By, George Howell (CNN)
Millions watched Sunday night as grown men crushed each other, and there are growing fears about the impact, of all that impact.
So, imagine when it’s kids being encouraged to crush each other. A new reality show called “Friday Night Tykes” on Esquire Network is drawing criticism for its “tough love” approach. It has many asking, “Have children’s football coaches gone too far?”
“You have the opportunity today to rip their freakin’ head off, and let them bleed,” says one of the coaches during a practice on the reality show.
The show features five San Antonio football teams, with children as young as 8 years-old.
With coaches shouting things like, “Don’t give me that soft crap” and “I don’t care how much pain you’re in, you don’t quit,” some say it’s proof children are being pushed too far in sports.
The coaches though, say it’s about teaching discipline through tough love.
But it’s prompts like these, that are getting two of the coaches in trouble: “This is where you earn your play time!” “If that kid comes across, I want you to put it in his helmet. Do you understand?” “Yes sir!” “I don’t care if you don’t’ get up. Let’s go.”

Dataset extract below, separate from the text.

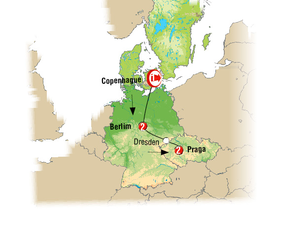 De manhã, incluímos um passeio panorâmico com um guia local da capital dinamarquesa, uma cidade conhecida por sua qualidade de vida, respeito à sustentabilidade e rica vida cultural. Vamos conhecer "A Pequena Sereia", o porto de Nyhavn com seus coloridos edifícios históricos, o exterior do Palácio de Amalienborg, onde a família real dinamarquesa reside, a praça da prefeitura e a área do parque Tívoli. A continuação saímos ao sul da Dinamarca. Em GEDSER tomamos o ferry, travessia de umas duas horas rumo a Alemanha. Chegada a Warnemunde continuação até BERLIM, chegada no final do dia.Nota: se o número de passageiros que fazem a viagem entre Copenhague/Berlim for muito limitado, este trecho poderá ser realizado numa linha regular de passageiros sem alterar o conteúdo da etapa.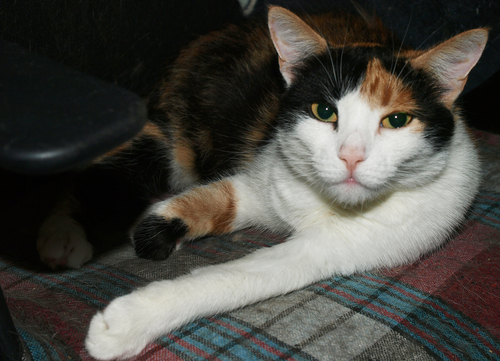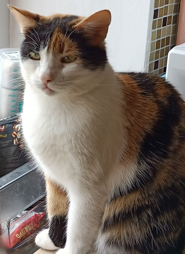 Ищет дом трехцветная короткошерстная кошка по имени Ника, спасенная с улицы. Привита, СТЕРИЛИЗОВАНА! Лоток знает на 5+. . Окрас - классический "черепаховый с белым" (tortie with white). Лучший вариант для нее - быть одной кошкой в квартире (она может ужиться со спокойным, не слишком доминантным котом или кошкой, но вообще других кошек она не очень любит, больше предпочитает общество человека) Познакомиться с кошечкой можно в квартире в городе Мытищи (ближайшие станции метро - Комсомольская, Медведково, ВДНХ). Звоните: 8-903-629-19-6семь, Мария (и пишите в телеграм)

Two of the coaches now find themselves facing consequences. One has been suspended after cameras caught him telling players to hit the other team in the head. Coach Charles Chavarria admits, “I have regrets with my actions and behaviors. I do have regrets with the shows. I’ve lost a lot. “The CEO of the Texas Youth Football Association and a league parents are defending the program, saying, “I think what is not being shown is, you know, these hits in the show is not mentioning what’s happening after the fact, that the coaches are pulling the kids together to correct their actions as far as to say, this is not the proper way you tackle.”
“It is an intense activity and our kids are pushing themselves, but it’s because they have the potential for that greatness.”
Some experts though, say the aggressive techniques and hard hits are putting kids at risk of suffering serious injuries, saying, “It’s everything that’s wrong with youth football, and to some degree it’s a lot of what’s wrong with television.”
With more episodes planned to air, the debate continues about whether these young athletes are being pushed to their full potential, or being pushed past the limit.